Listed entries -
------------------------------------------------

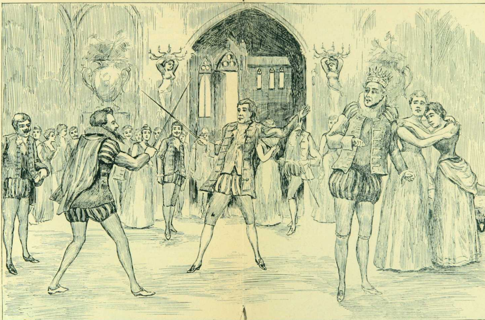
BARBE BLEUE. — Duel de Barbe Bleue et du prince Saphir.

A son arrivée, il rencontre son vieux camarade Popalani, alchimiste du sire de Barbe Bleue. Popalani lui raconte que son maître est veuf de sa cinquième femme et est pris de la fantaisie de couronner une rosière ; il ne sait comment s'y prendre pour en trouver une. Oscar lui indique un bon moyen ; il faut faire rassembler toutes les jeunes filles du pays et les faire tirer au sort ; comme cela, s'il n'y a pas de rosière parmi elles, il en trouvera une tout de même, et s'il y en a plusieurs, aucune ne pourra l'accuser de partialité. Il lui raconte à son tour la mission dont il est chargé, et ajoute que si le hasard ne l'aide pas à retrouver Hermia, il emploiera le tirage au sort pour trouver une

------------------------------------------------

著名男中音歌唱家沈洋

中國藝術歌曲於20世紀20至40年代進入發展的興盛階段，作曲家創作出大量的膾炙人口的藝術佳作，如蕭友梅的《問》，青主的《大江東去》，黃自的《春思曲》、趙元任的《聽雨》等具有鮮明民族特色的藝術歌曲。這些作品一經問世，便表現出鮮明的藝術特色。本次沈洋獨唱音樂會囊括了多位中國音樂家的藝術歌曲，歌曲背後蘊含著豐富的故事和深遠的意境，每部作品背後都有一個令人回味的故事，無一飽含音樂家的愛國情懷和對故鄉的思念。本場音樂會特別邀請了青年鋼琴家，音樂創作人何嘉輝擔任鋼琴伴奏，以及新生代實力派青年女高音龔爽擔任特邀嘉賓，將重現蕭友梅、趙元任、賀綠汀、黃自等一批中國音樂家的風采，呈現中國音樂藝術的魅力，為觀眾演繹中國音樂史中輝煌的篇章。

------------------------------------------------

To do - Above are the entries. Output exactly the lines beginning with the line that has "BARBE BLEUE. —" and ending with the line that has "A son arrivée, il".

Your solution -
BARBE BLEUE. — Duel de Barbe Bleue et du prince Saphir.

A son arrivée, il rencontre son vieux camarade Popalani, alchimiste du sire de Barbe Bleue. Popalani lui raconte que son maître est veuf de sa cinquième femme et est pris de la fantaisie de couronner une rosière ; il ne sait comment s'y prendre pour en trouver une. Oscar lui indique un bon moyen ; il faut faire rassembler toutes les jeunes filles du pays et les faire tirer au sort ; comme cela, s'il n'y a pas de rosière parmi elles, il en trouvera une tout de même, et s'il y en a plusieurs, aucune ne pourra l'accuser de partialité. Il lui raconte à son tour la mission dont il est chargé, et ajoute que si le hasard ne l'aide pas à retrouver Hermia, il emploiera le tirage au sort pour trouver une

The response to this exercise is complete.